The formation of Chan's team influenced others in the film industry to follow suit, particularly his former co-stars and "brothers" Sammo Hung and Yuen Biao (their stunt teams known as "Hung Ga Ban" and "Yuen Ga Ban" respectively). Other actors who formed their own stunt teams include Lau Kar-leung, Philip Ko, Stanley Tong and Bruce Law.
Chan's stunt team worked in collaboration with Sammo Hung's team on films like Dragons Forever, Thunderbolt and Around the World in 80 Days.
A small number of films that Chan produced but did not appear in, or was not involved in at all, have utilised his stunt team. These include The Gold Hunters (1981), Rouge (1988), The Inspector Wears Skirts 2 (1989), Stage Door Johnny (1990) and Angry Ranger (1991).

==Members (past and present)==
These are former and current members of Chan's stunt team. Where possible, the films they have worked on are included.
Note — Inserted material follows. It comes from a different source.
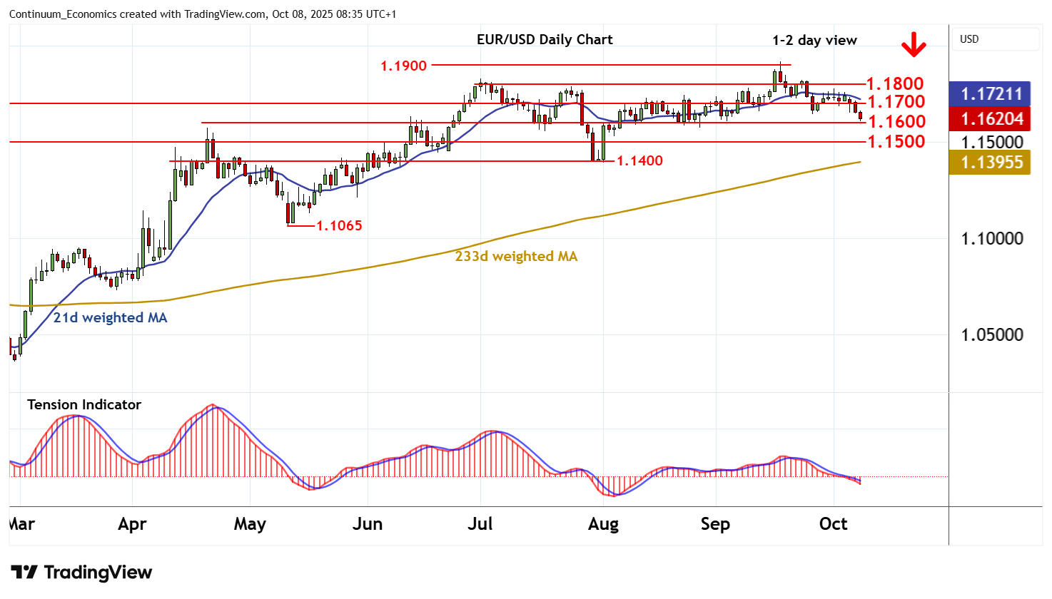 08:30 BST - Anticipated losses are meeting buying interest just above congestion support at 1.1600, with prices currently trading around 1.1620. Both intraday and daily studies are under pressure, however, and broader weekly charts are also negative, highlighting room for further losses in the coming sessions. A break below 1.1600 will add weight to already bearish price action, and extend mid-September losses initially towards further congestion around 1.1500. Already oversold daily stochastics could limit any initial tests in renewed consolidation. Meanwhile, resistance remains at congestion around 1.1700. A close above here, if seen, would help to stabilise price action and prompt consolidation beneath 1.1800.
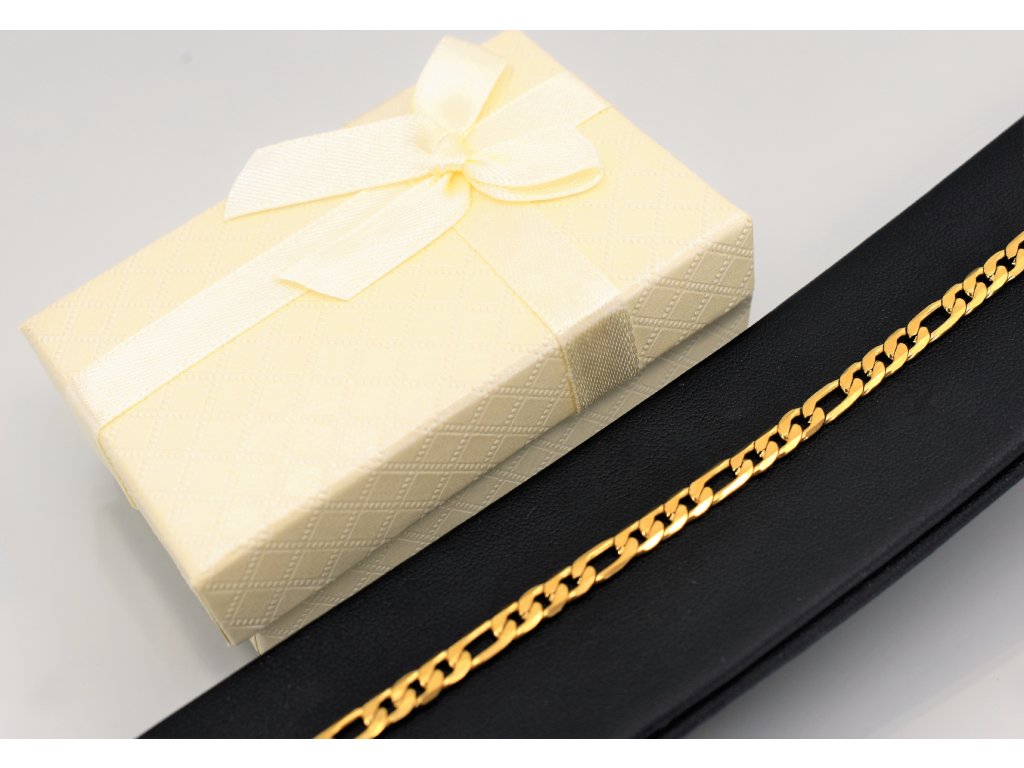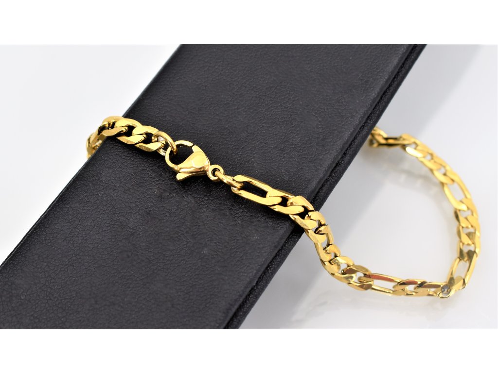 Elegantní pánský náramek z chirurgické oceli s figaro vazbou ve zlaté barvě, délka 21 cm.

- Wong Yiu - co-founder of the team in 1977 - The Fearless Hyena, Dragon Fist, Dance of Death, Spiritual Kung Fu, Half a Loaf of Kung Fu
- Peng Kang - co-founder of the team in 1977 - Spiritual Kung Fu, Half a Loaf of Kung Fu, The Fearless Hyena, Dragon Fist, The Fearless Hyena Part II
- Brad Allan (Bradley James Allan) – First ever non-Asian member of the team - Mr. Nice Guy, Who Am I?, Jackie Chan: My Stunts, Gorgeous, Shanghai Noon, The Accidental Spy, Rush Hour 2, The Tuxedo, Shanghai Knights, The Medallion, New Police Story, Rush Hour 3, Armour Of God 3: Chinese Zodiac, Shang-Chi and the Legend of the Ten Rings.
- Paul Andreovski – Mr. Nice Guy, Who Am I?, Shanghai Noon, The Accidental Spy, Rush Hour 2, The Tuxedo, Shanghai Knights, The Medallion, Around the World in 80 Days, The Spy Next Door. Chan's personal boxing coach.
- Lee Huang (Konstantin Widjaja) - Bleeding Steel, Project X (SNAFU), Kung Fu Yoga
- Andy Owen (Andrew Owen) – Rush Hour 3
- Andy Long (Andreas Nguyen) – Armour Of God 3: Chinese Zodiac, Police Story 2013, Dragon Blade
- Vi-Dan Tran – The Foreigner, Bleeding Steel
- Yamson Domingo – Police Story, Thunderbolt
- Anthony Carpio (Go Shut-Fung) – Armour of God, Project A Part II, Police Story 2 Miracles, Twin Dragons, Drunken Master II, Thunderbolt, Jackie Chan: My Stunts, The Accidental Spy, The Medallion, New Police Story, Rob-B-Hood
- Chris Chan (Chan Sai-Tang) – Project A Part II, Police Story 2, Miracles, Twin Dragons, City Hunter, Crime Story, The Accidental Spy
- Chan Siu-wah - Thunderbolt, The Accidental Spy
- Chan Man-ching – Dragons Forever, Police Story 3: Supercop, Drunken Master II, Rumble in the Bronx, Thunderbolt, Police Story 4: First Strike, Mr. Nice Guy, Rush Hour, Who Am I?, Jackie Chan: My Stunts, Gorgeous, The Accidental Spy, Rob-B-Hood
- Chan Tat-kwong (Chan Daat-Gong) – Project A, Police Story, Armour of God, Project A Part II, Police Story 2, Dragons Forever, Miracles, Twin Dragons, Crime Story, Drunken Master II, Thunderbolt, The Medallion, New Police Story, Rob-B-Hood
- Chan Wai-to - Police Story 4: First Strike
- Don L. Lee, The Spy Next Door, V8 commercial advertisements.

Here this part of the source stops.